Mike Schaeffer's Blog

Articles with tag: java
March 31, 2014

Sometimes, it’s easy to focus so much on the architecture of a system that the details of its implementation get lost. While it’s true that inattention to architectural concerns can cause a system to fail, it’s also true that poor attention to the details can undermine even the best overall system design. This post covers a few minor details of code structure that I’ve found to be useful in my work:

It’s a small thing, but one of my favorite utility methods is a short way to throw run-time exceptions.
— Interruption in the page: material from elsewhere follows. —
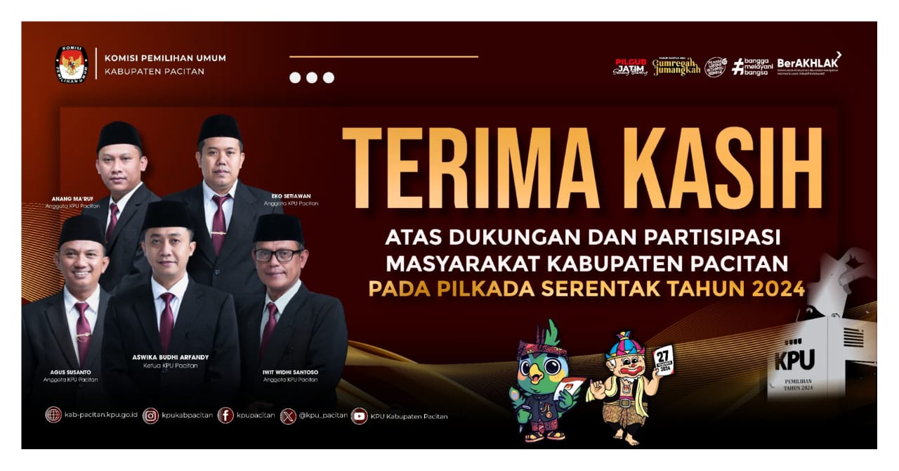 Ketua KPU Pacitan, Aswika Budhi Arfandy, bersama jajaran komisioner dan sekretariat KPU mengucapkan terima kasih atas tingginya partisipasi masyarakat serta dukungan dari berbagai elemen, termasuk penyelenggara pemilu, aparat keamanan, pemerintah daerah, tokoh masyarakat, dan media.

public static void FAIL(String message)
{
    throw new RuntimeException(message);
}

Defining this method accomplishes a few useful goals. The first is that (with an import static) it makes it possible to throw a RuntimeException with 22 fewer characters of source text per call site. If you’re writing usefully descriptive error messages (which you should be), this can significantly improve the readability of the code. The text FAIL tends to stand out in source code listings, and bringing the error message closer to the left margin of the source text makes it more obvious. The symbol FAIL is also easy to identify with tools like grep, ack, and M-x occur.
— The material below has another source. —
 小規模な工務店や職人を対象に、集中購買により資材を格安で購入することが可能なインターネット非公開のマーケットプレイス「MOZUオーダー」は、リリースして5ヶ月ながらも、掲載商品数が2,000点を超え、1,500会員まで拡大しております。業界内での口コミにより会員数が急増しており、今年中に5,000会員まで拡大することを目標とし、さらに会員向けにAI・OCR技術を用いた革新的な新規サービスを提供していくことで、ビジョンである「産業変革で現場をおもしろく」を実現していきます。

To handle re-throw scenarios, it's also useful to have another definition that lets you specify a cause for the failure.

public static void FAIL(String message, Throwable cause)
{
    throw new RuntimeException(message, cause);
}

Related to this is a useful naming convention for loop control variables. Thanks in large part to FORTRAN, and its mathematical heritage, it's very common to use the names i, j, and k for loop control variables. These names aren't very descriptive, but they're short and for small loop bodies, there's usually enough context that a longer name would be superfluous. (If your loop spans pages of text, you should use a more descriptive variable name... but first, you should try to break up your loop into sensible, testable functions.) One technique I've found useful for making loop control variables more obvious (and searchable) without going to fully descriptive variable names is to double up the letters, giving ii, jj, and kk.
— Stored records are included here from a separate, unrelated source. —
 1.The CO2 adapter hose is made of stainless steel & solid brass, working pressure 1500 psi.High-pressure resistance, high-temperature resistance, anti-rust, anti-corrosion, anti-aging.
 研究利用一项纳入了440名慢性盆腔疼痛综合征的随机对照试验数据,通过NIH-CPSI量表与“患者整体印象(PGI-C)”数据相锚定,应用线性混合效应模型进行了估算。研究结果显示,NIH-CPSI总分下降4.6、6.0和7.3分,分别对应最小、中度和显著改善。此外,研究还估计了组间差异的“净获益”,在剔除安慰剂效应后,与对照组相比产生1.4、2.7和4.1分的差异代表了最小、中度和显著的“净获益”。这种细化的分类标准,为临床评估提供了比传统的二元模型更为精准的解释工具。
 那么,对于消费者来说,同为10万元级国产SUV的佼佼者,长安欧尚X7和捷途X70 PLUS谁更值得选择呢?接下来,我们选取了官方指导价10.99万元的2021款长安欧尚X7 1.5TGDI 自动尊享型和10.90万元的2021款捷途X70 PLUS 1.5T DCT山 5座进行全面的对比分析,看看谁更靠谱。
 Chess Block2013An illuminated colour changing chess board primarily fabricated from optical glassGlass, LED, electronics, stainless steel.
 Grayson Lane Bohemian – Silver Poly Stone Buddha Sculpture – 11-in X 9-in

These are both small changes, but they both can improve the readability of the code. Try them out and see if you like them. If you disagree that they are improvements, it's easy to switch back.

Tags:javaksm
March 26, 2014

Update 2019-01-17: KSM recently redesigned their website in a way that removes the original blog. Because of this, I've taken some of what I wrote then for KSM and re-hosted it here. Thanks are due both to KSM Technology Partners for allowing me to do this and to the Wayback Machine for retaining the content. All the links below are updated to reflect the articles' new locations.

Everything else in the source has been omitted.